INSTRUCTIONS TO FOLLOW =>
Omit every picture and return the rest of the data unaltered.

DATASET EXCERPT =>

((

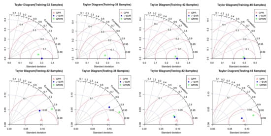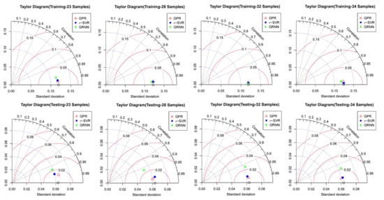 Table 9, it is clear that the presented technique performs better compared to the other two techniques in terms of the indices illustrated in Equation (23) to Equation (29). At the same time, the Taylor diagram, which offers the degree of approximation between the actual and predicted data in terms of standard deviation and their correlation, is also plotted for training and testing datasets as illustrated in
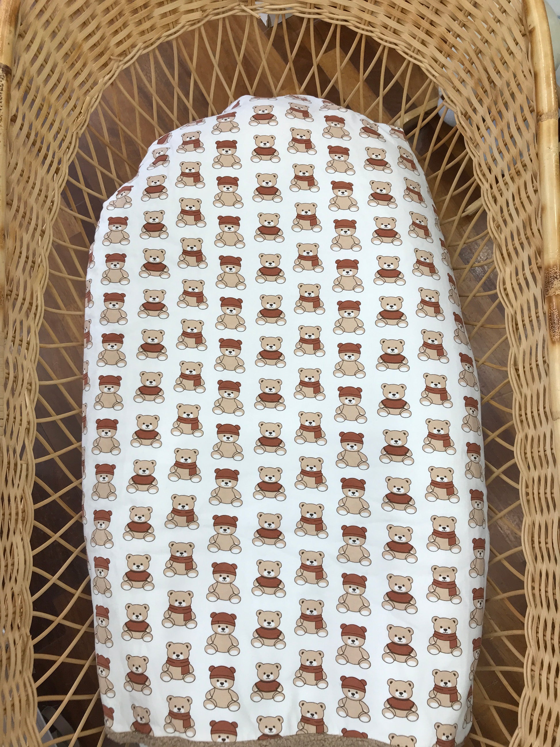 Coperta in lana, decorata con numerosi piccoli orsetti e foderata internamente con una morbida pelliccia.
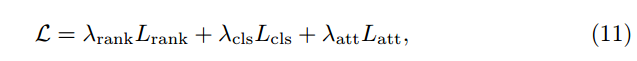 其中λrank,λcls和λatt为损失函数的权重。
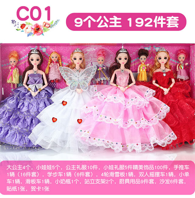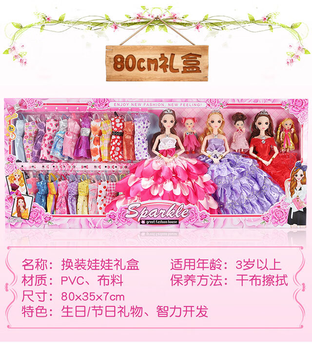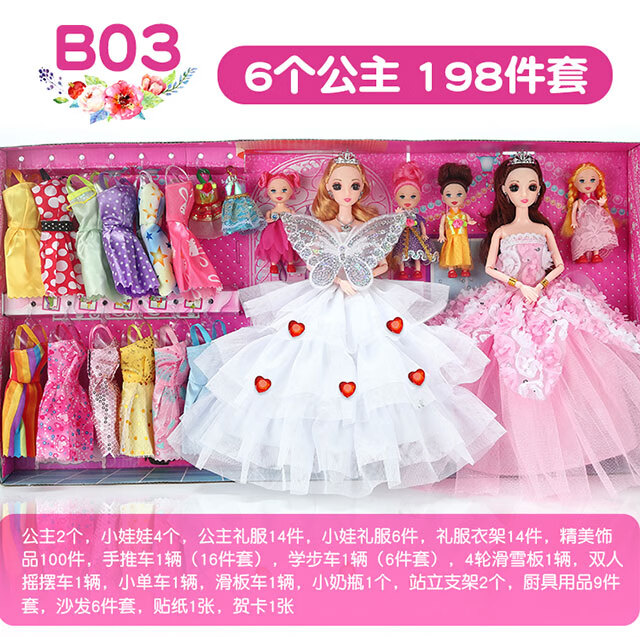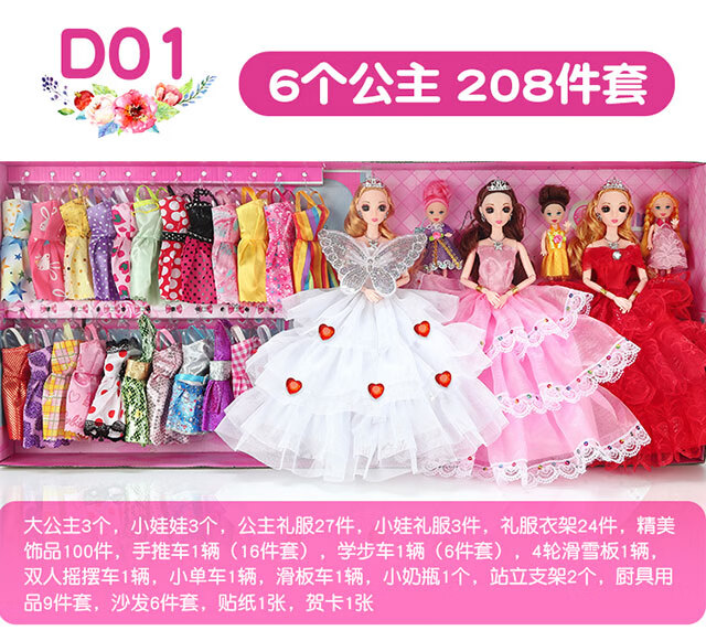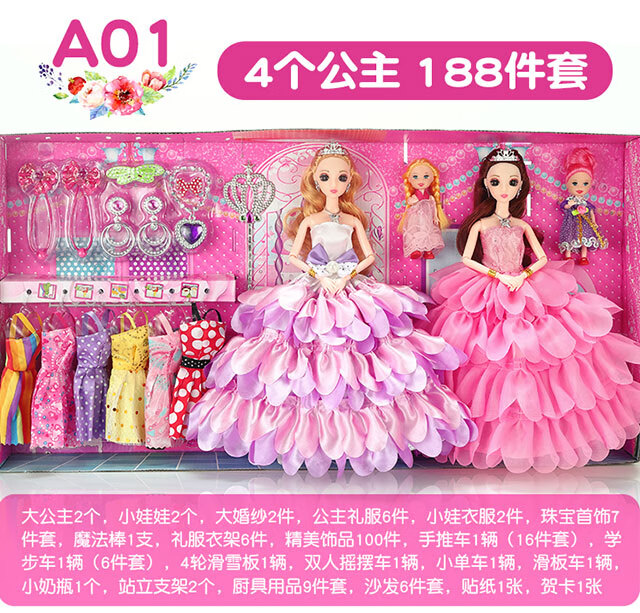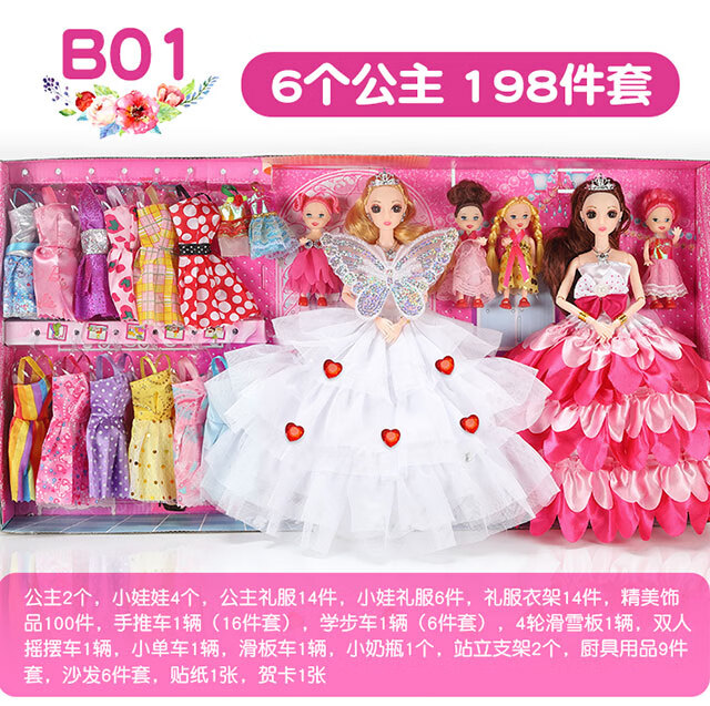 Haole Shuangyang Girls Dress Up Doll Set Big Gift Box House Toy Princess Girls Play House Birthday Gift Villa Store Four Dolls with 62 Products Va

))

RESULT OF THE EXERCISE =>
 Table 9, it is clear that the presented technique performs better compared to the other two techniques in terms of the indices illustrated in Equation (23) to Equation (29). At the same time, the Taylor diagram, which offers the degree of approximation between the actual and predicted data in terms of standard deviation and their correlation, is also plotted for training and testing datasets as illustrated in
 Coperta in lana, decorata con numerosi piccoli orsetti e foderata internamente con una morbida pelliccia.
 其中λrank,λcls和λatt为损失函数的权重。
 Haole Shuangyang Girls Dress Up Doll Set Big Gift Box House Toy Princess Girls Play House Birthday Gift Villa Store Four Dolls with 62 Products Va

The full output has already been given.